■ **Activity**
Each of the entries below is to be written out exactly, and the images skipped.

■ **Collected data**
----------

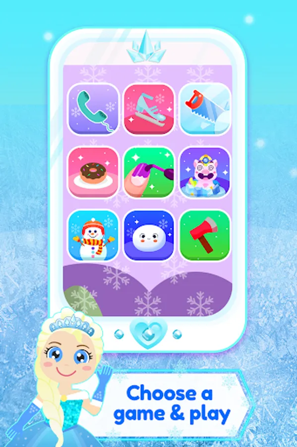 This amazing phone simulator with awesome mini games to be entertained. It allows kids to play in a magical world of ice as they identify colors, choose shapes to encourage their creativity and participate in figuring out how to play each game.
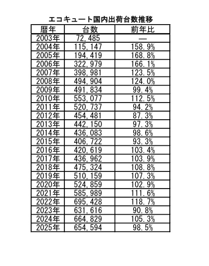 日本冷凍空調工業会(JRAIA)集計の自主統計によると、2025年(1~12月)のエコキュート(家庭用ヒートポンプ給湯器)国内出荷台数は、前年から1・5%減の65万4594台だった。
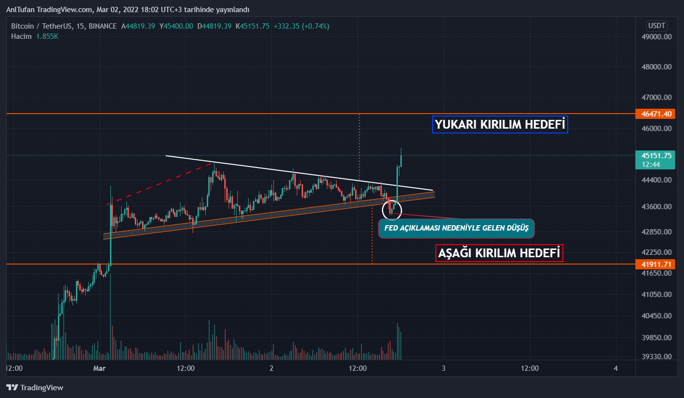 Flama hedefi olarak 46.500 dolar seviyelerine kadar yükselmesi beklenen Bitcoin’in, 45.000 dolar major direnç seviyesini kırması çok kritik gözükmekte.
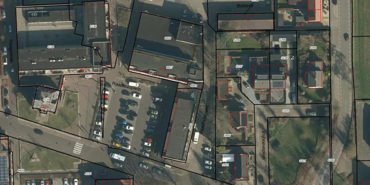 Het perceel waarop Raadhuisplein 39 staat heeft een oppervlakte van 532 m². Dit is een groot perceel. De perceeloppervlakte wordt geregistreerd door het Kadaster. Gedetailleerde informatie over de maten van dit perceel kunt u vinden in het rapport Kadastrale kaart met maatvoering van Raadhuisplein 39.
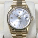 36mm Rolex Day-Date model 18238 in 18ct yellow gold with sparkling silver / diamond dot dial on President bracelet. In very pleasing condition, this circa 1990 model * comes with correct Day-Date booklet, modern Rolex boxes, our own warranty card and a certificate from the ALR Watch Register confirming that we checked it with them. The 18238 with its 3155 calibre movement was the first model to feature the “double quick-set” feature for easy, independent alteration of the Day and Date. * We note that the date-code on the clasp indicates that this part is from around 1980 while the “53” end-links would more commonly be found on bracelets for 1803 model Day-Dates, so we believe the bracelet has been swapped from an earlier watch and is possibly restored, which is reflected in the price. The NEW equivalent is now £36,900 !
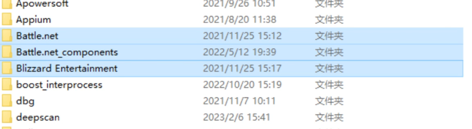 点击确定打开,找到关于暴雪战网的文件,全部删除干净。
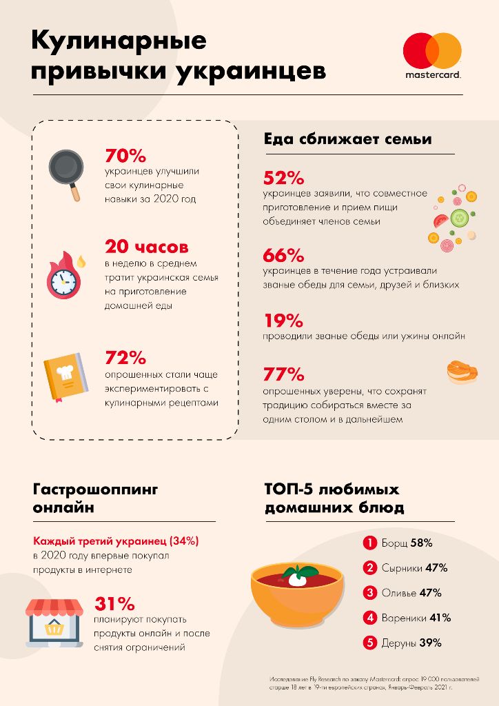 Согласно исследованию Mastercard, украинцы с начала карантина стали проводить на треть больше времени на кухне, две трети опрошенных устраивали званые обеды, а каждый пятый устраивал их онлайн.
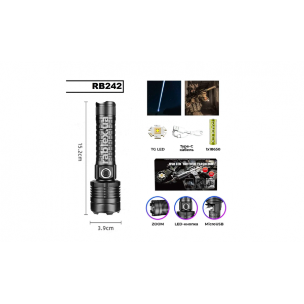 Ручний ліхтар Rablex RB242 / type-c / XH P99 LED відрізняється своєю високою яскравістю, довговічністю та багатофункціональністю. Його світлодіодне джерело світла генерує яскраве біле світло, яке ідеально підходить для освітлення темних приміщень або зовнішніх територій. Працюючи від акумулятора 18650, ви можете бути впевнені у тривалому часі функціонування пристрою без необхідності частого заряджання. Енергозбереження та ефективність - важливі якості, які роблять використання цього ліхтаря комфортним і практичним у будь-яких умовах.
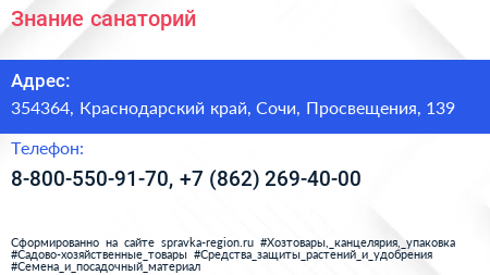 Знание, санаторий по адресу 354364, Краснодарский край, Сочи, Просвещения, 139 в дальнейшем Организация, размещена в следующих категориях:
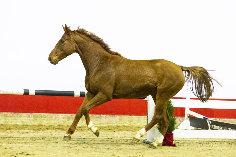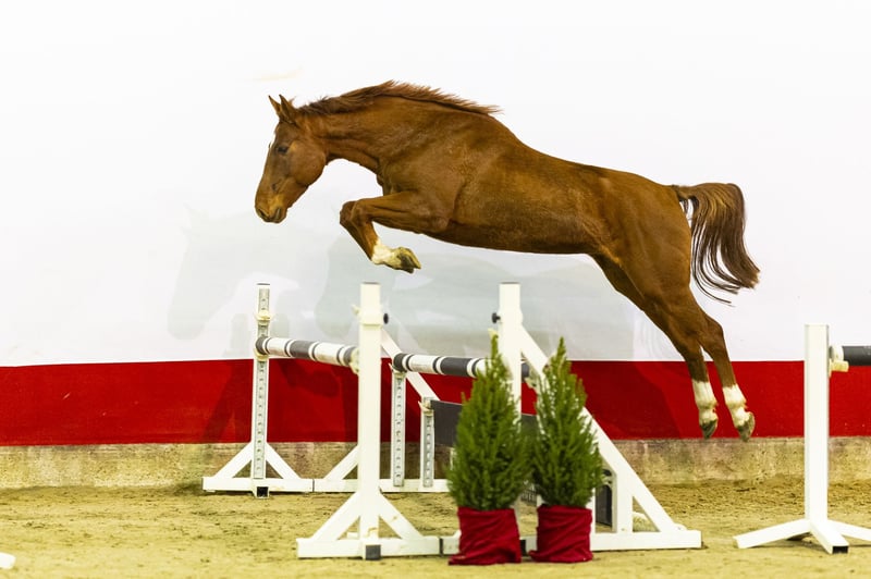 Esquilo ist ein wunderschöner, langliniger Sporttyp mit viel Sprungkraft. Sie springt mit kraftvollem Hinterbein, korrekter Technik und beeindruckend leichter Bewegungsart. Sie stößt sich mühelos vom Boden ab und zeigt natürliche Qualität sowie Bereitschaft. Ihr Pedigree — Emerald van ’t Ruytershof x Q-Verdi — macht sie sowohl für den Sport als auch für die Zucht äußerst interessant. Sie stammt aus einer sehr starken Mutterlinie. Ihre Mutter hat bereits ein 1,40 m Springpferd hervorgebracht, und weiter in der Familie finden sich mehrere 1,45 m Springpferde sowie einige Grand Prix Pferde bis 1,60 m. Es ist eine bewährte Leistungslinie, bekannt für Springqualität, Mentalität und Langlebigkeit. Es wurde sie von einem der größten und renommiertesten Züchter Deutschlands gezogen, was ihren Wert zusätzlich steigert. Esquilo ist komplett ungeritten und kennt nur eine Halfterführung. Bisher verbrachte sie ihr Leben auf der Weide, was ihr eine korrekte Entwicklung sowie Kraft in Körper und Beinen ermöglicht hat. Sie ist ein ehrliches, reines Pferd, das nun bereit ist, mit der Ausbildung zu beginnen. Mit ihrer Konformation, Sprungkraft, ihrem Pedigree und ihrer starken Mutterlinie bietet Esquilo erhebliches zukünftiges Potenzial — sowohl als Sportpferd als auch als Zuchtstute.
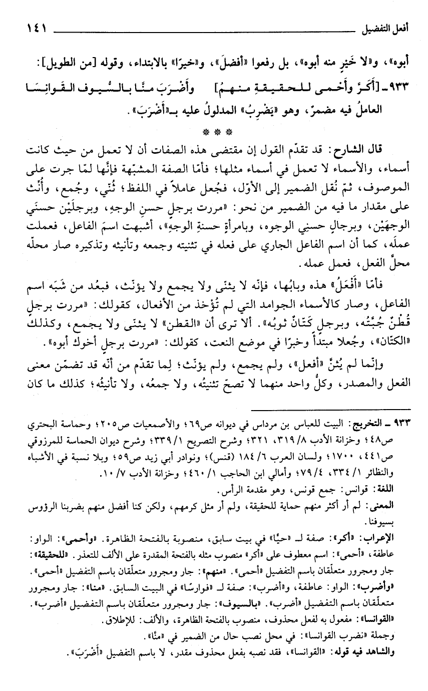 933 - التخريج: البيت للعباس بن مرداس في ديوانه ص 69؛ والأصمعيات ص 205؛ وحماسة البحتري ص 48؛ وخزانة الأدب 8/ 319، 321؛ وشرح التصريح 1/ 339؛ وشرح ديوان الحماسة للمرزوقي ص 441، 1700؛ ولسان العرب 6/ 184 (قنس)؛ ونوادر أبي زيد ص 59؛ وبلا نسبة في الأشباه والنظائر 1/ 334، 4/ 79؛ وأمالي ابن الحاجب 1/ 460؛ وخزانة الأدب 7/ 10.
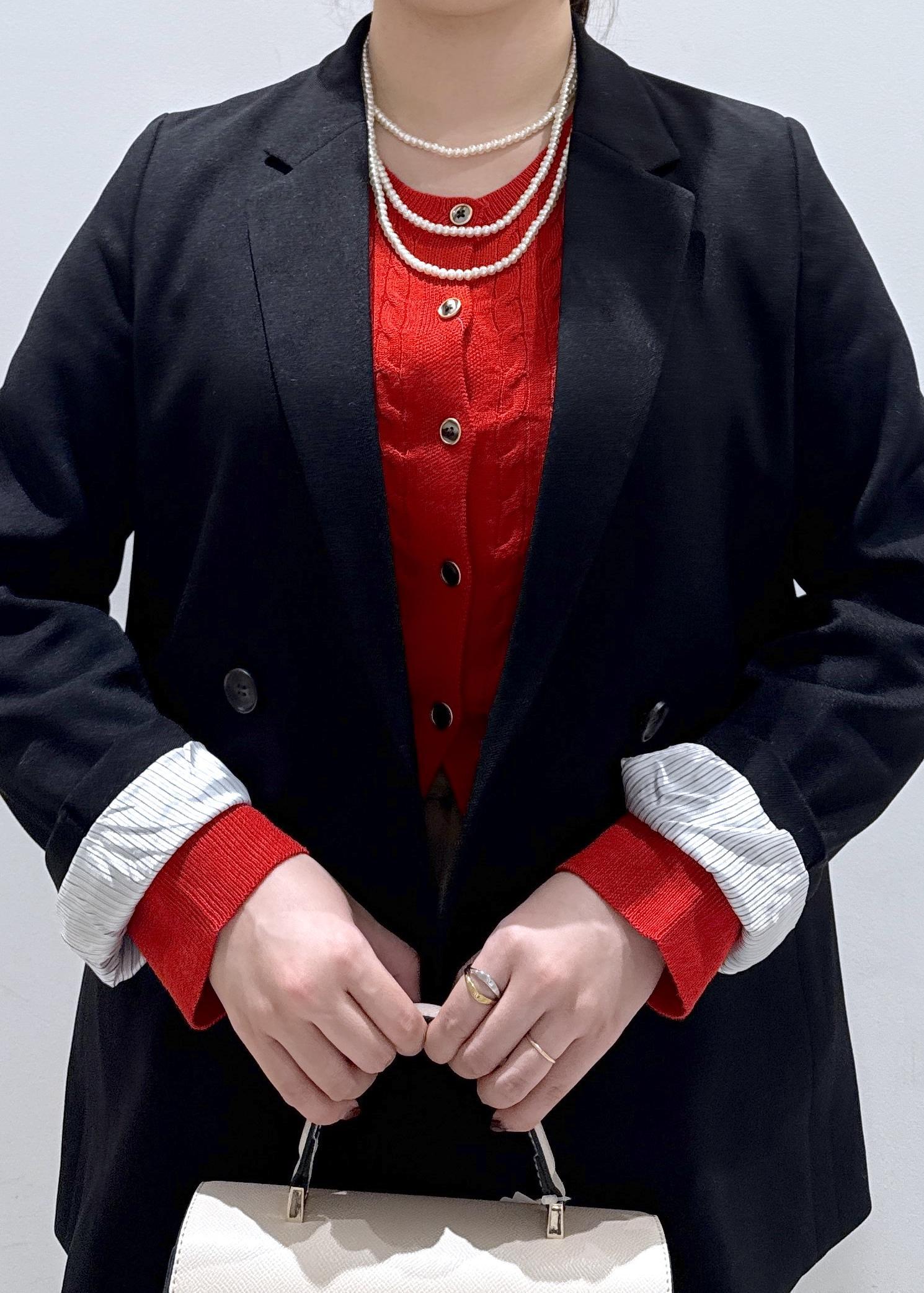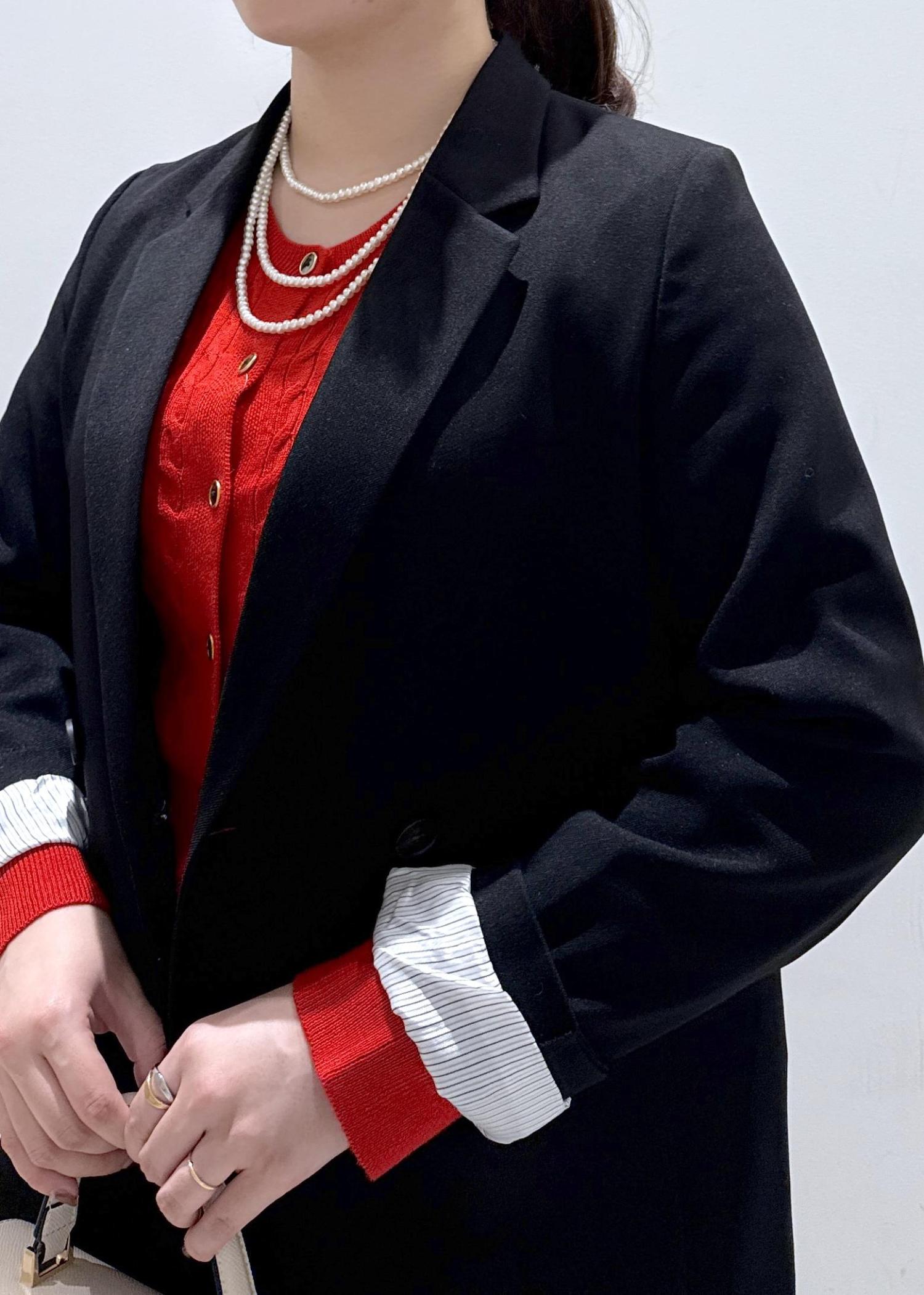 美easyシリーズのリネンライクジャケットではSサイズを着用していましたが、ウーリッシュジャケットではSだと裏地が付いているからかキツく感じ、こちらではMサイズがジャストサイズでした。ブラウスだとSでも良さそうですが、厚みのあるニット素材もこれから着たい方はMサイズをオススメします。またジャケットの素材感では生地が分厚すぎず、身長157cmでお尻が隠れるぐらいの長さで安心しました。 -

----------

■ **Completed exercise**
 This amazing phone simulator with awesome mini games to be entertained. It allows kids to play in a magical world of ice as they identify colors, choose shapes to encourage their creativity and participate in figuring out how to play each game.
 日本冷凍空調工業会(JRAIA)集計の自主統計によると、2025年(1~12月)のエコキュート(家庭用ヒートポンプ給湯器)国内出荷台数は、前年から1・5%減の65万4594台だった。
 Flama hedefi olarak 46.500 dolar seviyelerine kadar yükselmesi beklenen Bitcoin’in, 45.000 dolar major direnç seviyesini kırması çok kritik gözükmekte.
 Het perceel waarop Raadhuisplein 39 staat heeft een oppervlakte van 532 m². Dit is een groot perceel. De perceeloppervlakte wordt geregistreerd door het Kadaster. Gedetailleerde informatie over de maten van dit perceel kunt u vinden in het rapport Kadastrale kaart met maatvoering van Raadhuisplein 39.
 36mm Rolex Day-Date model 18238 in 18ct yellow gold with sparkling silver / diamond dot dial on President bracelet. In very pleasing condition, this circa 1990 model * comes with correct Day-Date booklet, modern Rolex boxes, our own warranty card and a certificate from the ALR Watch Register confirming that we checked it with them. The 18238 with its 3155 calibre movement was the first model to feature the “double quick-set” feature for easy, independent alteration of the Day and Date. * We note that the date-code on the clasp indicates that this part is from around 1980 while the “53” end-links would more commonly be found on bracelets for 1803 model Day-Dates, so we believe the bracelet has been swapped from an earlier watch and is possibly restored, which is reflected in the price. The NEW equivalent is now £36,900 !
 点击确定打开,找到关于暴雪战网的文件,全部删除干净。
 Согласно исследованию Mastercard, украинцы с начала карантина стали проводить на треть больше времени на кухне, две трети опрошенных устраивали званые обеды, а каждый пятый устраивал их онлайн.
 Ручний ліхтар Rablex RB242 / type-c / XH P99 LED відрізняється своєю високою яскравістю, довговічністю та багатофункціональністю. Його світлодіодне джерело світла генерує яскраве біле світло, яке ідеально підходить для освітлення темних приміщень або зовнішніх територій. Працюючи від акумулятора 18650, ви можете бути впевнені у тривалому часі функціонування пристрою без необхідності частого заряджання. Енергозбереження та ефективність - важливі якості, які роблять використання цього ліхтаря комфортним і практичним у будь-яких умовах.
 Знание, санаторий по адресу 354364, Краснодарский край, Сочи, Просвещения, 139 в дальнейшем Организация, размещена в следующих категориях:
 Esquilo ist ein wunderschöner, langliniger Sporttyp mit viel Sprungkraft. Sie springt mit kraftvollem Hinterbein, korrekter Technik und beeindruckend leichter Bewegungsart. Sie stößt sich mühelos vom Boden ab und zeigt natürliche Qualität sowie Bereitschaft. Ihr Pedigree — Emerald van ’t Ruytershof x Q-Verdi — macht sie sowohl für den Sport als auch für die Zucht äußerst interessant. Sie stammt aus einer sehr starken Mutterlinie. Ihre Mutter hat bereits ein 1,40 m Springpferd hervorgebracht, und weiter in der Familie finden sich mehrere 1,45 m Springpferde sowie einige Grand Prix Pferde bis 1,60 m. Es ist eine bewährte Leistungslinie, bekannt für Springqualität, Mentalität und Langlebigkeit. Es wurde sie von einem der größten und renommiertesten Züchter Deutschlands gezogen, was ihren Wert zusätzlich steigert. Esquilo ist komplett ungeritten und kennt nur eine Halfterführung. Bisher verbrachte sie ihr Leben auf der Weide, was ihr eine korrekte Entwicklung sowie Kraft in Körper und Beinen ermöglicht hat. Sie ist ein ehrliches, reines Pferd, das nun bereit ist, mit der Ausbildung zu beginnen. Mit ihrer Konformation, Sprungkraft, ihrem Pedigree und ihrer starken Mutterlinie bietet Esquilo erhebliches zukünftiges Potenzial — sowohl als Sportpferd als auch als Zuchtstute.
 933 - التخريج: البيت للعباس بن مرداس في ديوانه ص 69؛ والأصمعيات ص 205؛ وحماسة البحتري ص 48؛ وخزانة الأدب 8/ 319، 321؛ وشرح التصريح 1/ 339؛ وشرح ديوان الحماسة للمرزوقي ص 441، 1700؛ ولسان العرب 6/ 184 (قنس)؛ ونوادر أبي زيد ص 59؛ وبلا نسبة في الأشباه والنظائر 1/ 334، 4/ 79؛ وأمالي ابن الحاجب 1/ 460؛ وخزانة الأدب 7/ 10.
 美easyシリーズのリネンライクジャケットではSサイズを着用していましたが、ウーリッシュジャケットではSだと裏地が付いているからかキツく感じ、こちらではMサイズがジャストサイズでした。ブラウスだとSでも良さそうですが、厚みのあるニット素材もこれから着たい方はMサイズをオススメします。またジャケットの素材感では生地が分厚すぎず、身長157cmでお尻が隠れるぐらいの長さで安心しました。 -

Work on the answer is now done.